Leaving a loved one can be very difficult. It is not easy to deal with changes, especially when they involve the removal of a loved one or one for whom you have a lot of affection. However, once you become aware that you have to let go of an unhealthy relationship, you can start working towards a new beginning and possibly a new version of yourself.
Steps
Method 1 of 2: Examine Yourself
Step 1. Face reality
Unfortunately, most of the time, people know they have to do it, but are unable to for fear of the consequences. Coming to terms with reality will help you understand that the time has come to leave a compromised relationship.
- To face reality, try to imagine being another person and observing your situation from the outside. How would you judge this situation? Is the answer obvious? If this is the case, you already know how to behave.

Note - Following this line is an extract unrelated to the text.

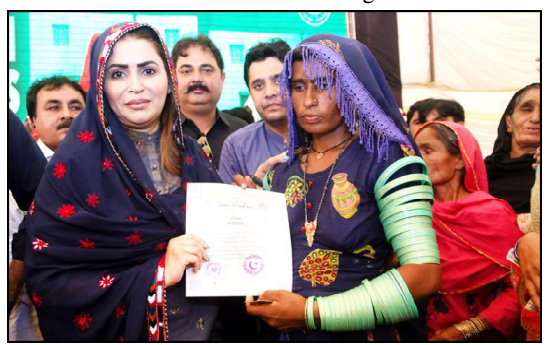
SANGHAR: Federal Minister for Poverty Alleviation and Social Safety & Chairperson, Benazir Income Support Programme Ms. Shazia Marri distributing ownership (Sanad) of houses built by Sindh Government to the deserving people during the ceremony Distribution of Land Title to Flood Affectees.

The august House, he said, rejects the India's attempted annexation of the held territory of Jammu and Kashmir and considers all its actions as illegal and against the spirit of the UN resolutions and international law.

- If you find it difficult to detach yourself from the situation and observe it with the eyes of an outside person, try giving the characters involved in the story different names. Change your name to someone else's. Modify some distinctive traits to get as far away as possible from the image of yourself. The goal is to create an imaginary distance between you and this new character who represents you. Do the same with the person you're trying to distance yourself from.
- Alternatively, imagine a similar scenario as if it were happening to your friend and her partner. What advice would you give her? Would you tell her it's time to move on?
Step 2. Listen to the opinions of others
Talk to a friend (or a parent if you feel comfortable). Ask this person how they would behave in your place or if they have ever experienced such a situation.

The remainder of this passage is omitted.